— Ну, дорогой мой, — сказал профессор, — Богочеловек Соловьёва и супраментальное существо Шри Ауробиндо не имеют ничего общего со сверхчеловеком Ницше. Я специально занимался этим вопросом и отвечу вам чуть позже, Генрих. В чём отличие, так сказать. А пока развейте свою мысль.
— Фридрих Вильгельм Ницше, — сказал фон Мюллер, — великий сокрушитель моральных и религиозных устоев, неистовый апостол «сверхчеловека»… Его постоянно мучили головные боли и целый букет болезней. Он тоже был из тех, кто желал «странного», как вы изволили выразиться профессор. При жизни его поняли немногие. До сих пор не прекращаются жаркие споры о нем. Кем он был? Исчадием ада, «крестным отцом» германского нацизма или пророком, принёсшим миру Новое Откровение Истины. Сумасшедшим человеконенавистником или гением, открывшим новую эпоху в истории цивилизации.
— Насколько я помню, он люто ненавидел христианство и всю свою философию ставил на противопоставлении ему, — заметил Виктор.
— Беда всех религий в том, — сказал фон Мюллер, — что они не обладают силой, которая реально могла бы изменить человека и жизнь на Земле. Они либо слишком устремляются в Небеса, и совершенно забывают про Землю, либо начинают рано или поздно подстраиваться под среднего обывателя и теряют свой первоначальный импульс. Именно на это бессилие религии обратил внимание Ницше. Он искал Силу, которая могла бы реально превратить человека в «нечто большее чем, человек». Он полагал, что если человека, такого какой он есть, просто освободить от сдерживающей его морали, то это высвободит в нем эволюционную Энергию, способную преобразить его в сверхчеловека…

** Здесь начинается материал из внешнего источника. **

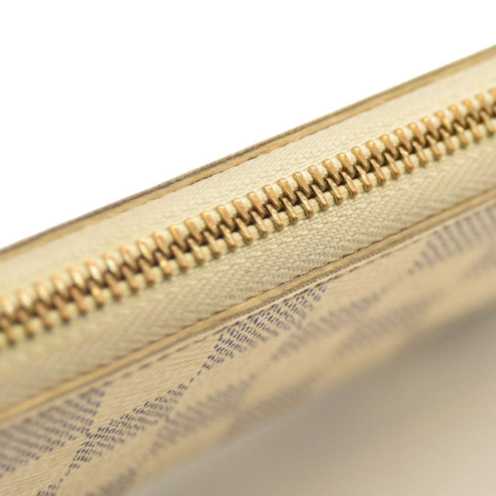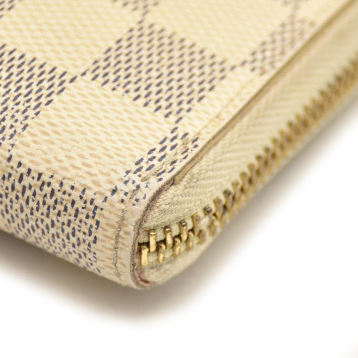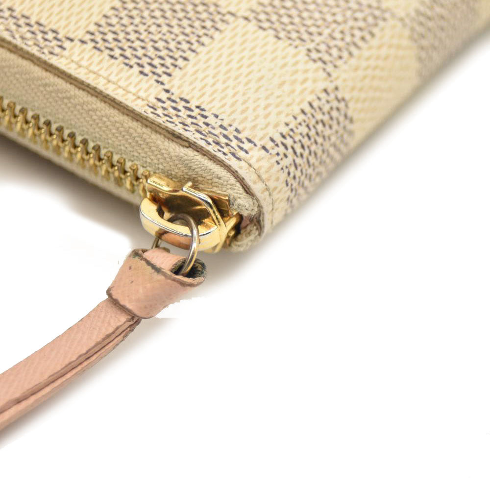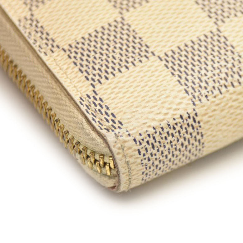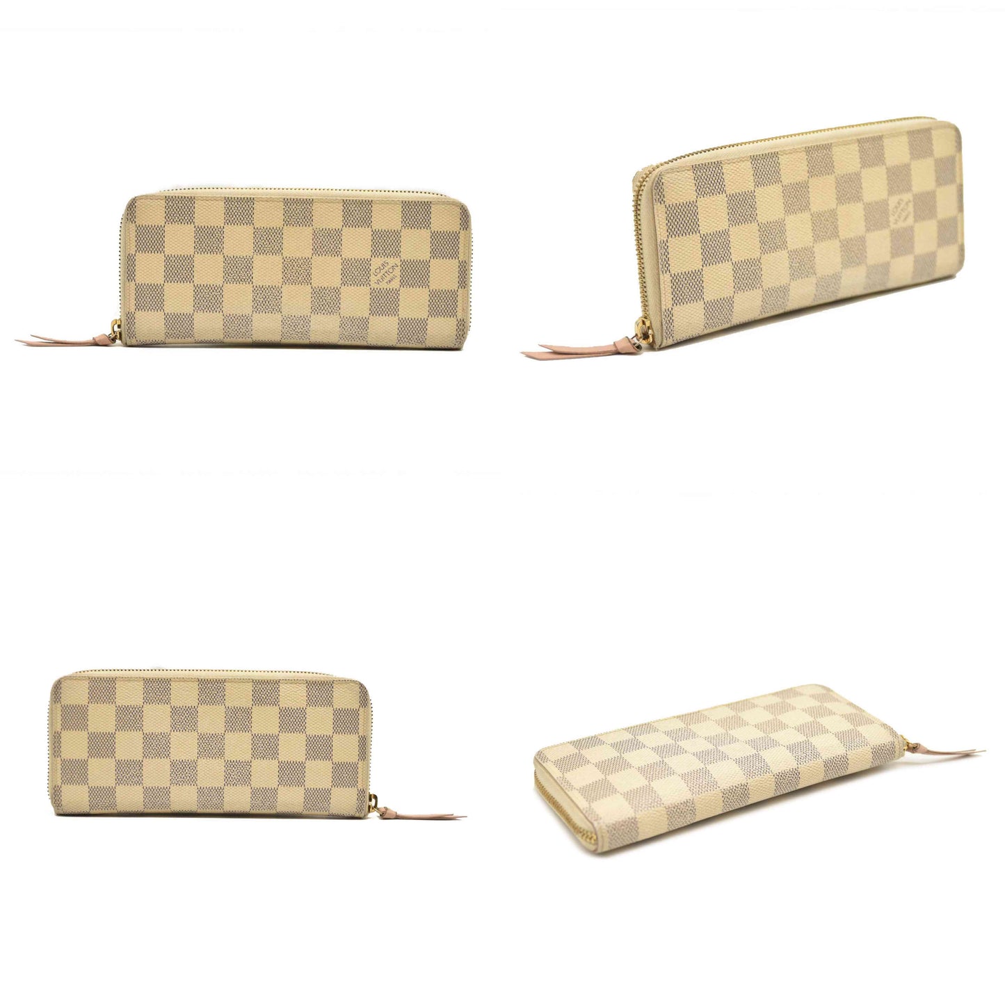 This is an authentic LOUIS VUITTON Damier Azur Clemence Wallet in Rose Ballerine. This stylish wallet is crafted of Damier checkered canvas in blue and white. The wrap-around brass zipper opens to a partitioned interior of ballerina pink cross-grain leather with card slots, patch pockets, and a central zipper compartment.
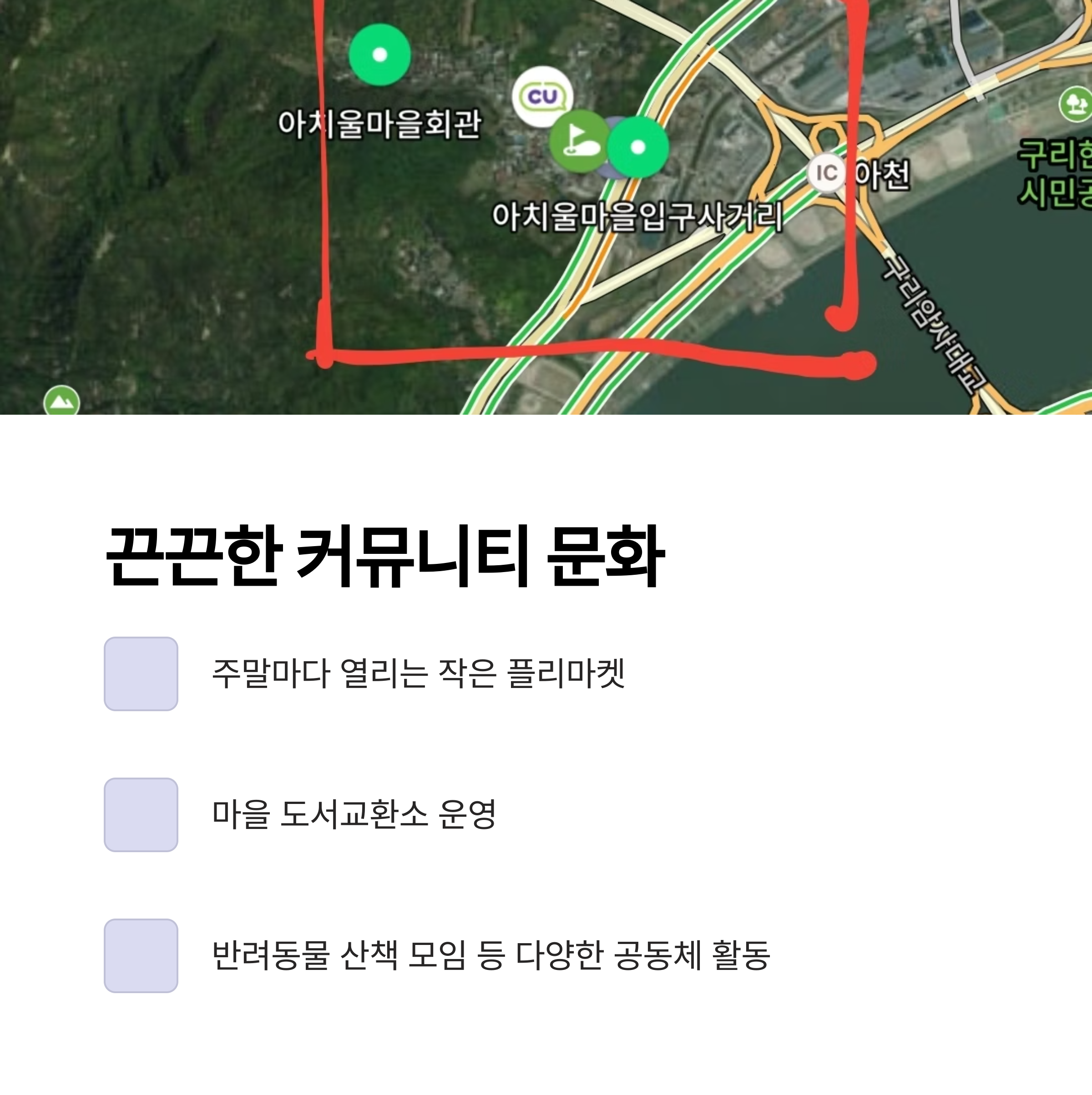 작은 플리마켓, 마을 도서교환소, 반려동물 산책 모임 등
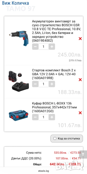 Продавам лек и компактен безчетков винтоверт на Бош за сухо строителство в отлично визуално, състояние както се вижда на снимките и работи перфектно. Оригинално малайзийско производство, внос от Франция. Обявената цена включва машината, 2 батерии по 12V 2.0Ah, зарядно устройство и оригинален L-boxx куфар. Пращаме с опция преглед и тест с куриерска фирма еконт, може и лично предаване за гр. Шумен. Магазинската цена е: 642лв.

— Это ему только казалось, что он освобождает человека, — возразил профессор. — На самом деле не человека он пытался освободить, а человеческое эго от морали. Отбросив ограничивающее человека «добро», он вместо этого возвёл в абсолют не менее ограничивающее его «зло». А такая вивисекция чревата самыми трагичными последствиями. Отождествлять человека с физическим телом и с «эго» — это типичная и повсеместно распространённая среди людей Запада ошибка «ложного отождествления». Это очень хорошо понимают на Востоке, например йоги, буддисты. «Эго» — это театральная маска, роль, бутафория, поверхность, верхушка айсберга, волна на поверхности океана. А реальный Человек — это бездна, это сам океан, бессмертная частица Бога, вмещающая в себя иные измерения и всё многообразие Универсума. Наш философ чрезвычайно упростил и извратил природу человека и выдал эту упрощённую и извращённую модель за некое откровение… Не «эго» надо освобождать от морали, сам человек должен освободиться от «эго» и подняться к более высоким планам сознания. Именно на этом пути человечество совершало в прошлом свои великолепные звёздные прорывы в лучших своих представителях. Будда, Христос, Лао Цзы, великолепная плеяда индийских йогов, мастеров дзен, суфиев и христианских мистиков и наконец Шри Ауробиндо и Мирра Альфасса в 20 веке — вот реальный прорыв к истинному «сверхчеловечеству», вернее богочеловечеству и раскрытие возможностей иных планов сознания. Пока же человек живёт как обособленное эго, противопоставляя себя другим таким же обособленным эго, мораль ему необходима. Иначе эти эго просто пожрут друг друга. Природа мудра. Она изобрела мораль как инструмент эволюции именно для того, чтобы обуздать Зверя в человеке, и вытащить его из животного состояния. Её нельзя просто так взять и отбросить.
— Лично мне ваш Ницше всегда был глубоко чужд, если не сказать больше, — заявила запальчиво Шейла. — Это же философствующий маньяк какой-то. И вся эта его, так называемая, философия — мизантропия в чистом виде, история его собственной мании величия, извините. Я пробовала его читать, ещё в университете, и ни одну вещь не смогла дочитать до конца. Мне все время казалось, что он своими злобными проповедями пытается убить во мне нечто самое ценное, что во мне есть: сочувствие к другому человеку… Вы вот тут «Зарутустру» нам цитировали, Генрих, но что такое этот его «сверхчеловек»? Это же, какой-то монстр, лишённый сострадания, тиран в чистом виде, безжалостный, хитрый, злой, переступающий через всё ради своей «воли к власти». Все эти вопли о «власти», о «высшей расе», желание возвысится за счёт ближнего своего и непременно «поставить ему ногу на грудь», — все это могло родиться только в душе ущербного человеконенавистника, патологического эгоцентриста, страдающего манией величия, как компенсация его собственной неполноценности. Он же просто мстил миру и людям, за то что мир его при жизни не признал…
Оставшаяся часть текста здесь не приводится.